Operation Summary
The U.S. Department of Justice announced on June 4, 2025 the successful conclusion of Operation NEXUS DRAIN, a 14-month joint law enforcement operation that resulted in the seizure of the command-and-control infrastructure for a botnet composed of approximately 403,000 compromised devices across 47 countries.
The operation resulted in the arrest of three individuals in Ukraine and Romania, the seizure of 89 servers across 12 jurisdictions, and the disruption of an operation that generated an estimated $31M in annual revenue through DDoS-for-hire and residential proxy services.
Botnet Characteristics
The botnet, internally referred to by operators as "HYDRUS," primarily targeted consumer-grade routers and network-attached storage devices through exploitation of known vulnerabilities in popular firmware versions. Approximately 67% of compromised devices were located in the United States, Germany, Brazil, and India.

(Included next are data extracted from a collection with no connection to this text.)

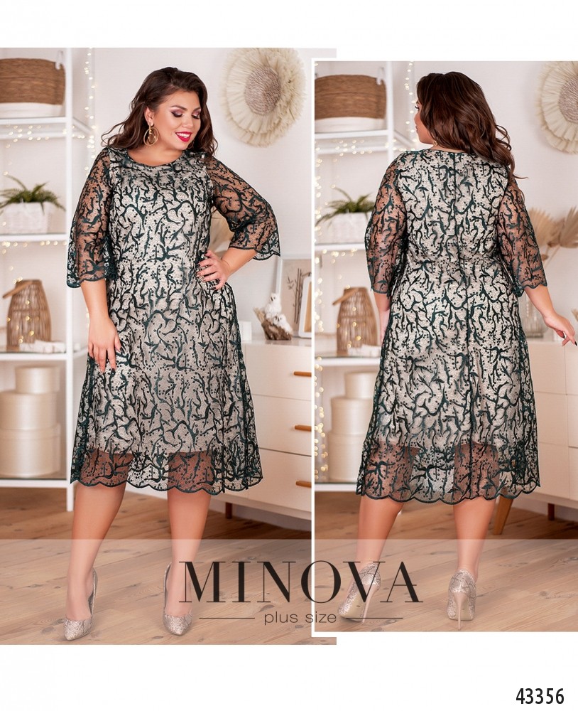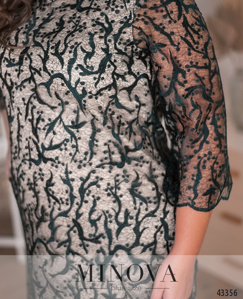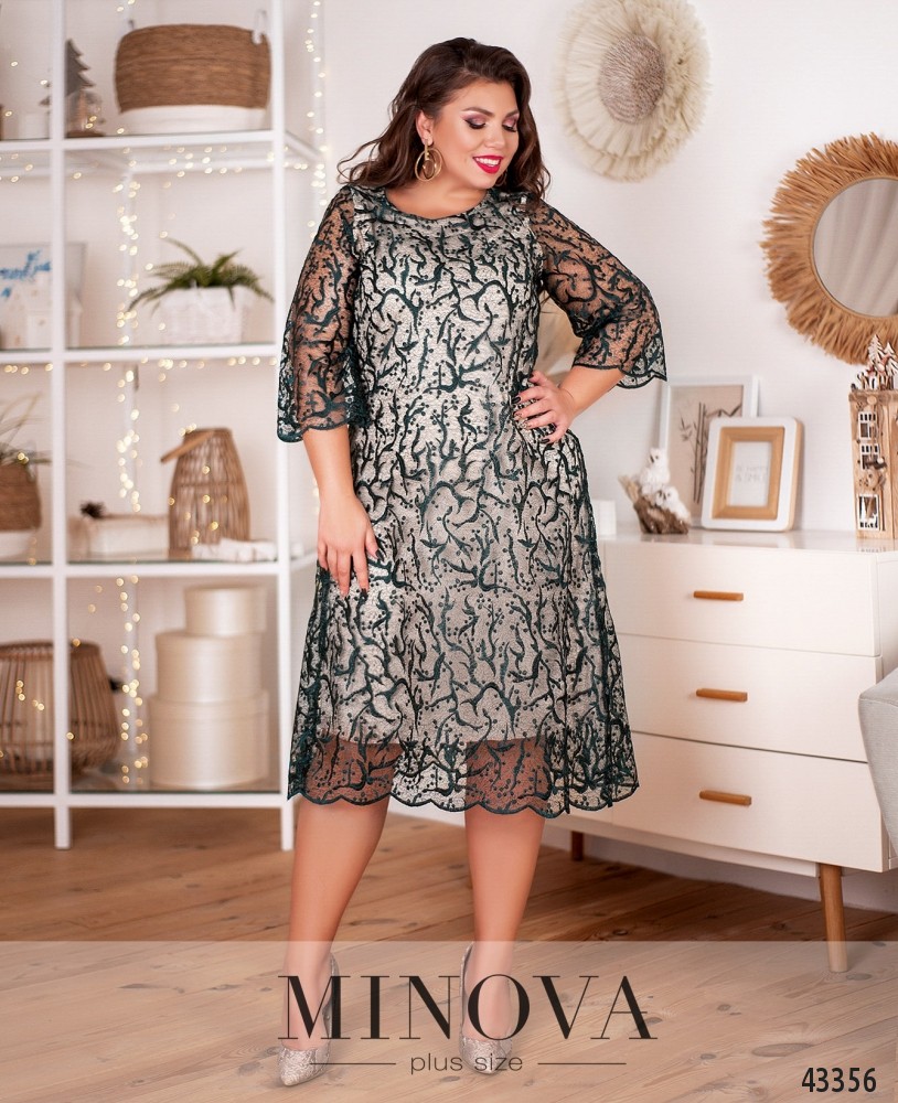 Элегантное вечернее платье батал с мягким нижним слоем и полупрозрачным верхним, украшенным вышивкой. Рукава без подкладки и манжет, край фигурный. Застёжек и карманов нет, вырез горловины полукруглый.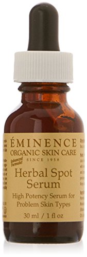 Studio : Eminence Publisher : Eminence Binding : Health and Beauty Product Description Eminence Organics Herbal Spot Serum(1 oz./30 ml)Benefits For seborreic, oily, acne and blemished skin types This serum is a high potency acne gel designed to calm and soothe irritations and inflammations due to acne This light gel assists in the healing and repairing of the epidermis Augments the skin's natural defensive processes and desensitizes irritated or sensitive areas of the skin It nourishes and regenerates the epidermis with all natural ingredients such as rosehip, willow bark, and pectin Features Horsetail and anise reduce swelling and calm inflammation Walnut Leaves have been added to act as an astringent to tighten poresEminence Organics is a highly effective, entirely organic skin care line. With all naturally organic ingredients these hand-made products are effective and extremely healing. Rich in vitamins, active ingredients and nutrients, Eminence products will give you immediate results that you will see and feel. 0
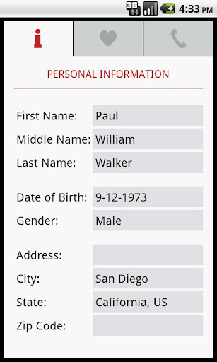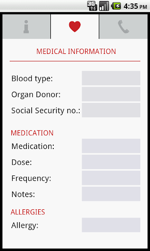 本应用安全的将您的医疗信息存储在您的手机中,让您能在出现紧急情况之后在世界任何地方读取您的医疗信息。同时,本应用也提供了一个应急插件,可用短信警示您的紧急联系人并告知他你的地理位置。

Key operational capabilities included:
- DDoS-as-a-service: Capable of generating attacks in excess of 3.2 Tbps; confirmed attacks against financial institutions, gaming platforms, and at least one critical infrastructure provider
- Residential proxy service: Approximately 180,000 nodes actively used to route malicious traffic through residential IP addresses, enabling credential stuffing and fraud operations
- Cryptomining: A subset of approximately 45,000 high-CPU-capacity nodes covertly enrolled in Monero mining pools
Legal Actions
Three individuals have been arrested:
- Mikhail V., 31, Kyiv, Ukraine — alleged operator and developer of the botnet management platform
- Constantin B., 27, Bucharest, Romania — alleged operator of the DDoS-for-hire storefront
- An unnamed minor in Germany — alleged to have operated a significant node cluster
The DOJ has unsealed an indictment in the Eastern District of Virginia charging the two adults with conspiracy to commit computer fraud, wire fraud, and unauthorized computer access.
Device Remediation
The FBI has issued a public notification to internet service providers with lists of affected IP addresses, enabling ISPs to notify customers of potential device compromise. Affected device owners should perform a factory reset and apply the latest firmware from the device manufacturer's official website.
Affected router models include various versions of TP-Link Archer, ASUS RT-series, Netgear Nighthawk, and Synology DiskStation NAS appliances running unpatched firmware.